* AIM OF THE TASK *
Exactly the lines from the one containing "척추 측만증은 척추의" through the end of the data, and nothing more, should be retyped; pictures stay out.
+++ MATERIAL PROVIDED +++
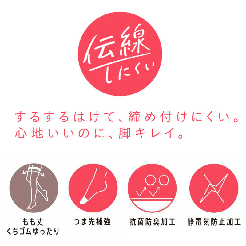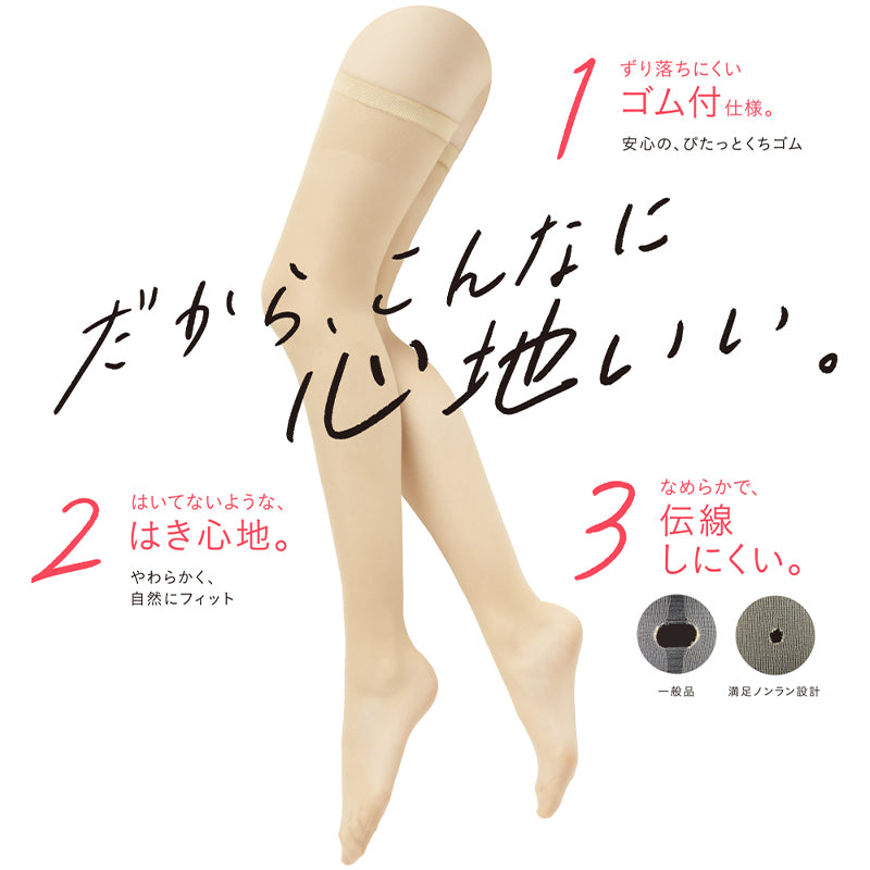 こちらは「もも丈」のノンラン ストッキング「口ゴムゆったり」で快適な履き心地です。
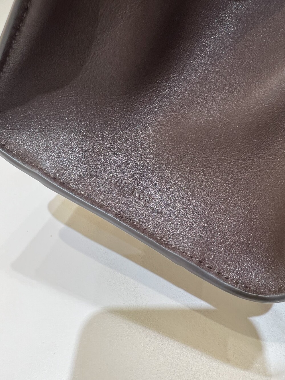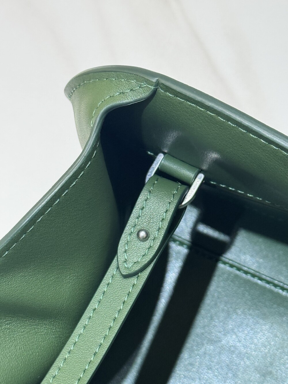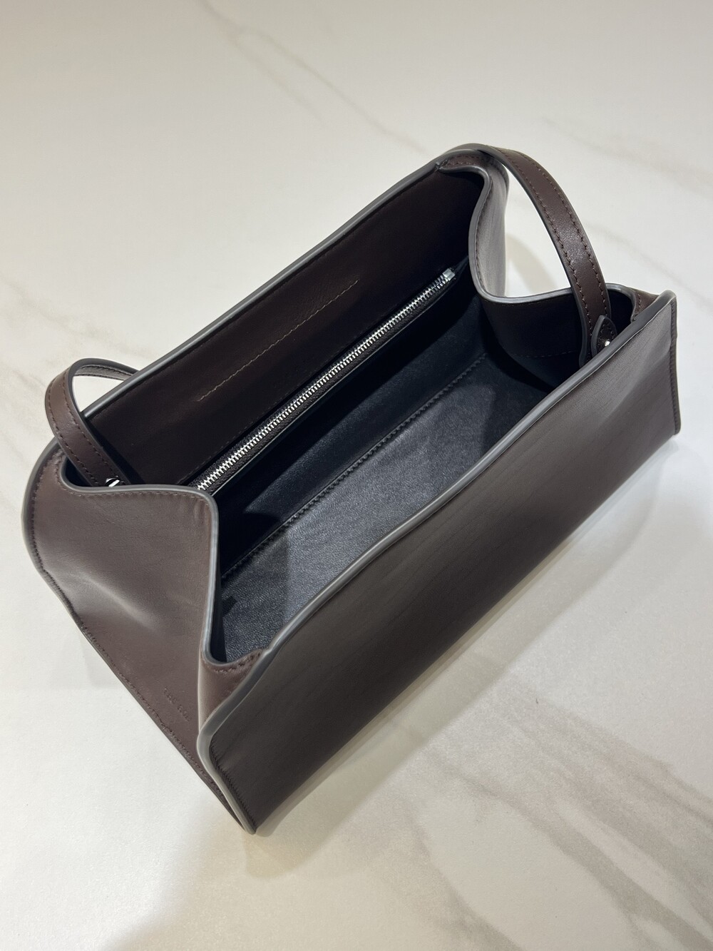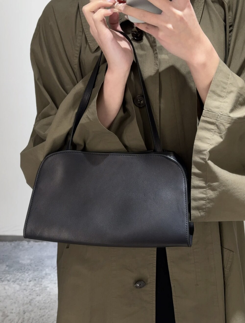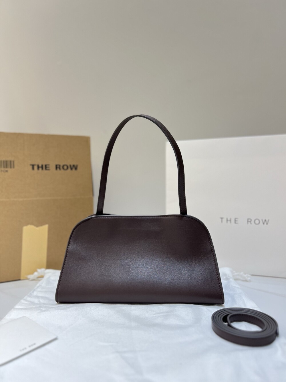 폴리시드 새들 가죽 소재의 소프트 스트럭처 클러치. 싱글 숄더 스트랩 및 거싯 디테일의 사이드 패널.
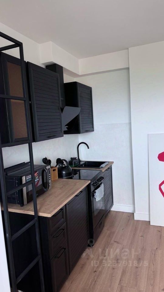Кухня: черный гарнитур, вытяжка, электро-плита, холодильник, стол и 4 стула. Кухня просторная, с диодным освещением по кирпичной стене.
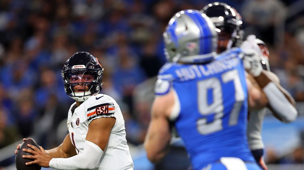 DETROIT — The Bears blew a double-digit lead in the fourth quarter for the second time this season, losing to the Lions 31-26 on Sunday as quarterback Justin Fields fumbled the ball out of the back of the end zone for a safety at the end.
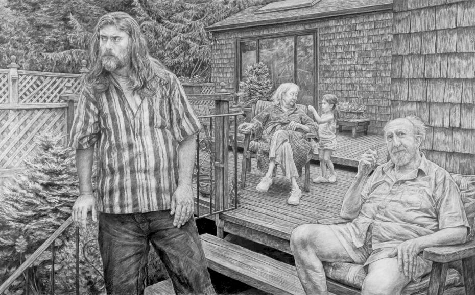 Edgars Jēriņš. Andersoni pie savas mājas Gardensitijā, ASV (Garden City). 2005. Ogle uz papīra. 160 x 254 cm.
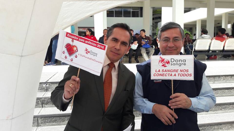 Esta mañaña en el Hospital de Especialidades Eugenio Espejo, se conmemoró el Día Mundial del Donante con un evento simbólico en donde intervienieron en director médico Carlos Jaramillo quien dio la más cordial bienvenida y motivo a los participantes para que donén sangre y salven vidas. Por su parte el Dr. Manuel Minaya director Zonal 9, entregó diplomas y medallas a los difrentes donantes de sangre por la solidaridad demostrada con las personas que necesita de este líquido vital para continuar con su existencia.
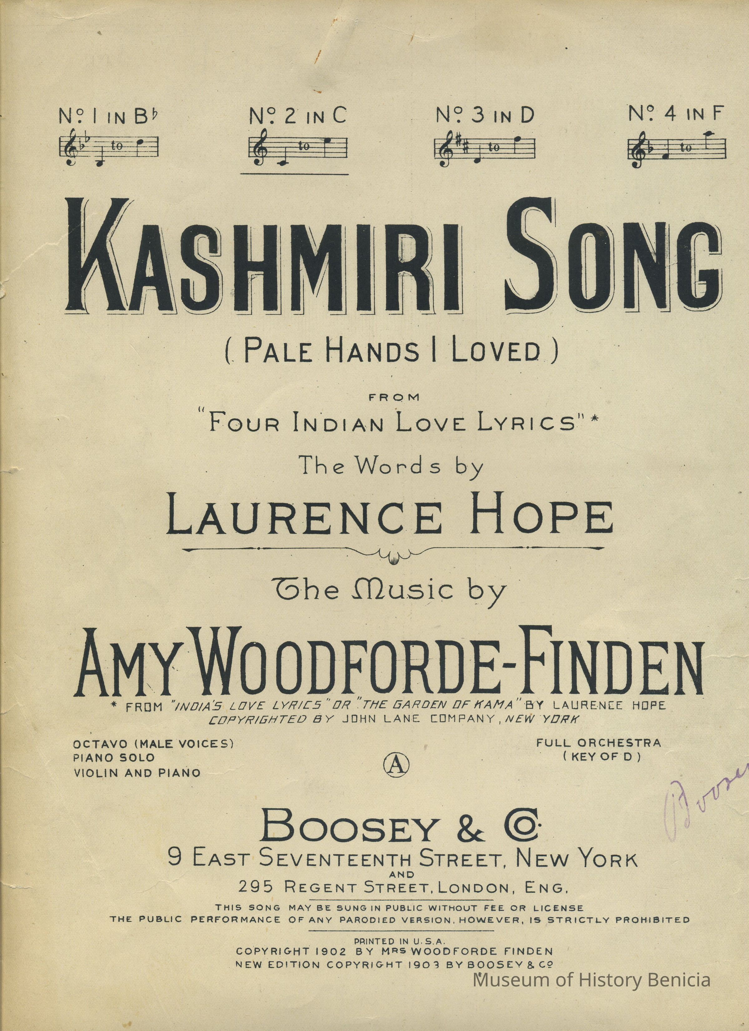 Words by Laurence Hope, Music by Amy Woodforde-Finden
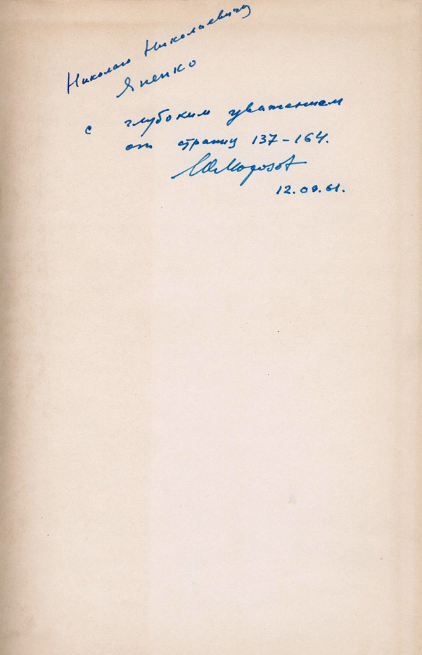 Автограф: Николаю Николаевичу Яненко с глубоким уважением от страниц 137-164. 12.09.61 (Подпись Ю.И.Морозова).
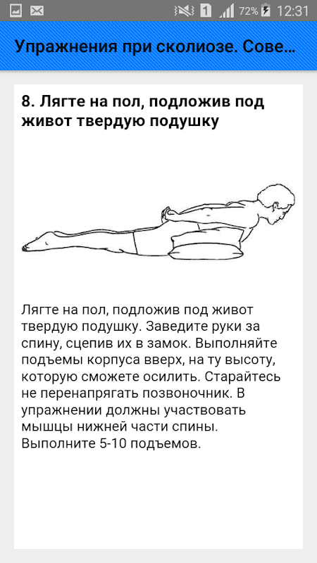 척추 측만증은 척추의 측면 곡률이며 모든 부서에서 모든 방향으로 가능합니다. 이미 질병의 초기 단계에서 척추와 디스크의 내부 장력이 급격히 증가합니다. 척추가 뻣뻣 해지고 융통성이 없어집니다. 병리학 적 과정은 가속화 된 속도로 발전하고 있습니다. 척추가 다양한 과부하를 견딜 수있는 능력이 감소합니다. 질병의 초기 단계에서 척추 측만증을 치료하는 가장 효과적인 방법 중 하나는 운동 요법 (물리 요법)입니다. 척추 측만증에 대한 치료 운동은 매우 매끄럽고 부드럽게 수행되어야합니다. 갑작스런 움직임은 제외해야합니다. 이것은 척추와 추간판의 부상을 예방할 것입니다.
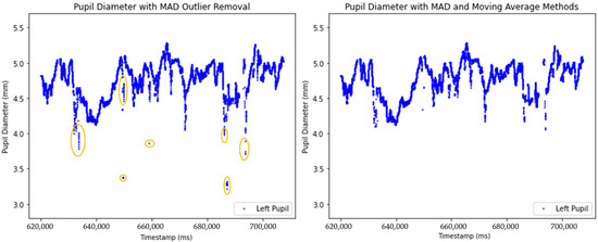The effects of two outlier removal methods on pupil diameter data are illustrated in Figure 6. The left plot presents the dataset after applying the Median Absolute Deviation (MAD) method to detect outliers, which effectively removes global outliers. The right plot demonstrates the combined approach of MAD and a Moving Average (MA) to detect outliers, smoothing local fluctuations, and removes global outliers.
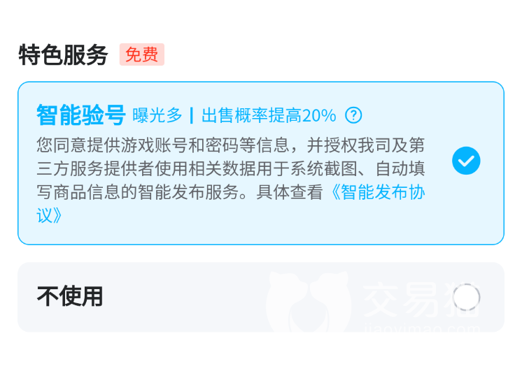 1.首先,用交易猫卖号,操作非常简单,只需要点击“我要卖”,接下来按照指引一步一步进行即可。选完账号系统以及区服之后,在页面的底部有一个“特色服务”,这一功能可圈可点,如果是真心的出售账号,并且信任交易猫的小伙伴,可以尝试一下这个功能,将账号密码等信息提供给平台,接下来平台会为大家进行智能登记,不需要太多复杂的步骤,就可以轻松将自己的账号上架出售了,简直是懒人福音。
+++
* EXERCISE RESPONSE *
 척추 측만증은 척추의 측면 곡률이며 모든 부서에서 모든 방향으로 가능합니다. 이미 질병의 초기 단계에서 척추와 디스크의 내부 장력이 급격히 증가합니다. 척추가 뻣뻣 해지고 융통성이 없어집니다. 병리학 적 과정은 가속화 된 속도로 발전하고 있습니다. 척추가 다양한 과부하를 견딜 수있는 능력이 감소합니다. 질병의 초기 단계에서 척추 측만증을 치료하는 가장 효과적인 방법 중 하나는 운동 요법 (물리 요법)입니다. 척추 측만증에 대한 치료 운동은 매우 매끄럽고 부드럽게 수행되어야합니다. 갑작스런 움직임은 제외해야합니다. 이것은 척추와 추간판의 부상을 예방할 것입니다.
The effects of two outlier removal methods on pupil diameter data are illustrated in Figure 6. The left plot presents the dataset after applying the Median Absolute Deviation (MAD) method to detect outliers, which effectively removes global outliers. The right plot demonstrates the combined approach of MAD and a Moving Average (MA) to detect outliers, smoothing local fluctuations, and removes global outliers.
 1.首先,用交易猫卖号,操作非常简单,只需要点击“我要卖”,接下来按照指引一步一步进行即可。选完账号系统以及区服之后,在页面的底部有一个“特色服务”,这一功能可圈可点,如果是真心的出售账号,并且信任交易猫的小伙伴,可以尝试一下这个功能,将账号密码等信息提供给平台,接下来平台会为大家进行智能登记,不需要太多复杂的步骤,就可以轻松将自己的账号上架出售了,简直是懒人福音。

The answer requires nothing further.